A question about critic-loss in discrete sac？

Question

A question about critic-loss in discrete sac？

outshine-J opened this issue 2 years ago · 5 comments

I applied the code of discrete sac to a custom discrete action environment. During the training process, I found that the loss of critic did not decrease but increased, and the critic-loss value after the increase was very large, even reaching 200+, what is the problem? Caused, how can I fix it? thanks.

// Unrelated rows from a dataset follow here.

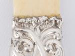 Ouvre-lettre en ivoire et manche en argent sterling .925 fourré de Londres de 1822 par AB, décor en repoussé de feuillage en arabesques de style baroque.
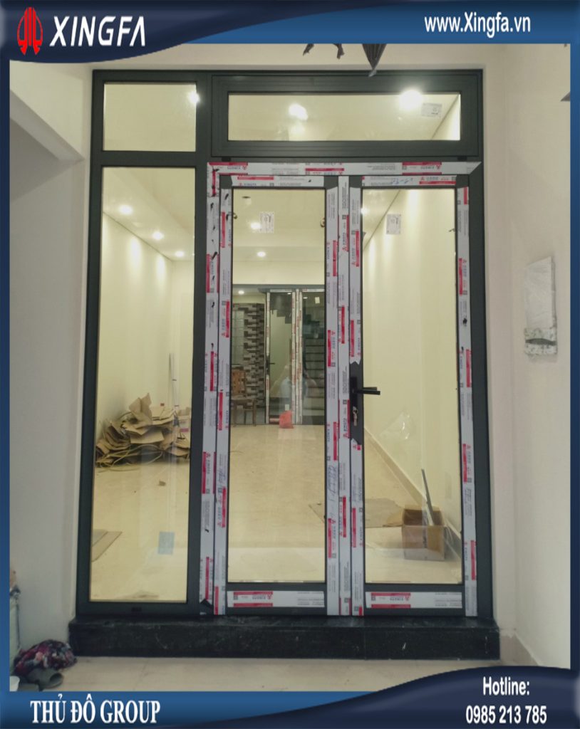 Hình ảnh cửa đi mở quay 2 cánh nhôm Xingfa nhập khẩu chính hãng
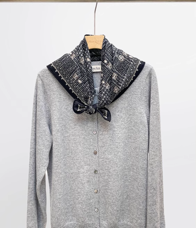 70% cashmere 30% silk ginkgo leaf double side printed square Wrap shawl 64X64cm
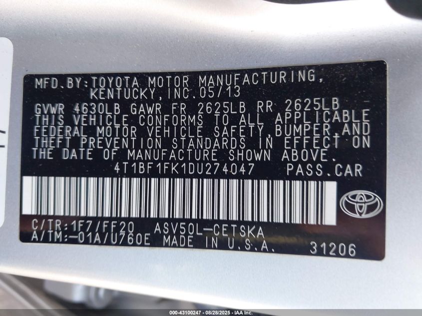 2013 TOYOTA CAMRY 2013 року Бензин, 2.5, Передний привод, vin - 4T1BF1FK1DU274047 из США
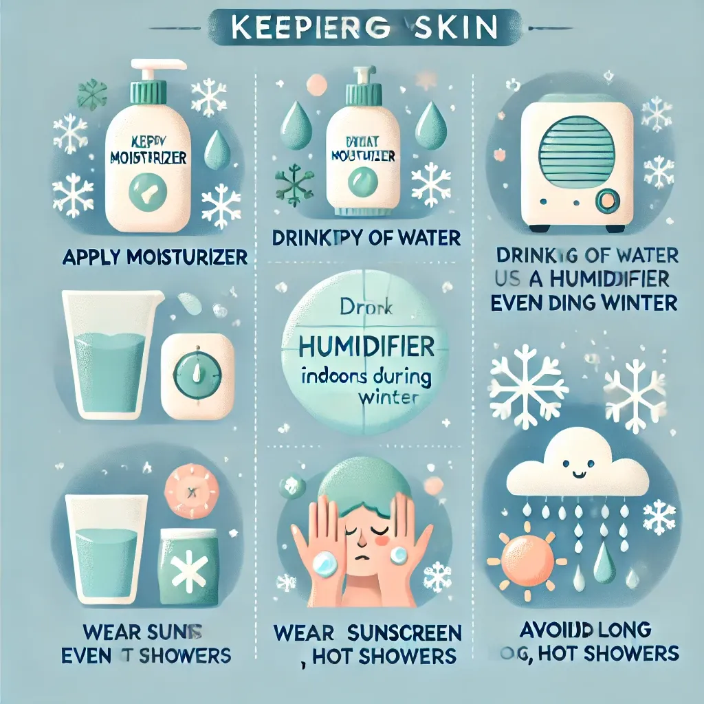 겨울철 피부 관리 방법을 소개합니다. 충분한 보습, 실내 습도 유지, 자외선 차단제 사용 등 피부를 촉촉하게 유지하는 팁을 확인해보세요
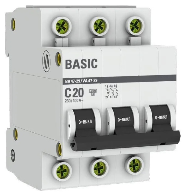 Автоматический выключатель 3P 20А (C) 4,5кА ВА 47-29 Basic

Answer 1 · 2022-10-08T07:05:50.000Z

您好，我是范仁义，您的邮件我已经收到，我会尽快处理，谢谢。

Answer 2 · 2022-10-08T07:28:24.000Z

Added, the same happens even if I crop the reward.

Answer 3 · 2022-11-04T08:45:36.000Z

@outshine-J
Hello, I have encountered the same problem, have you solved it?

Answer 4 · 2022-11-04T08:45:53.000Z

您好，我是范仁义，您的邮件我已经收到，我会尽快处理，谢谢。

Answer 5 · 2022-11-04T09:01:40.000Z

@Mengyu-Messic
You can find the answer by following the link. toshikwa/sac-discrete.pytorch#12 (comment). Other than that you can change this by setting a fixed temperature.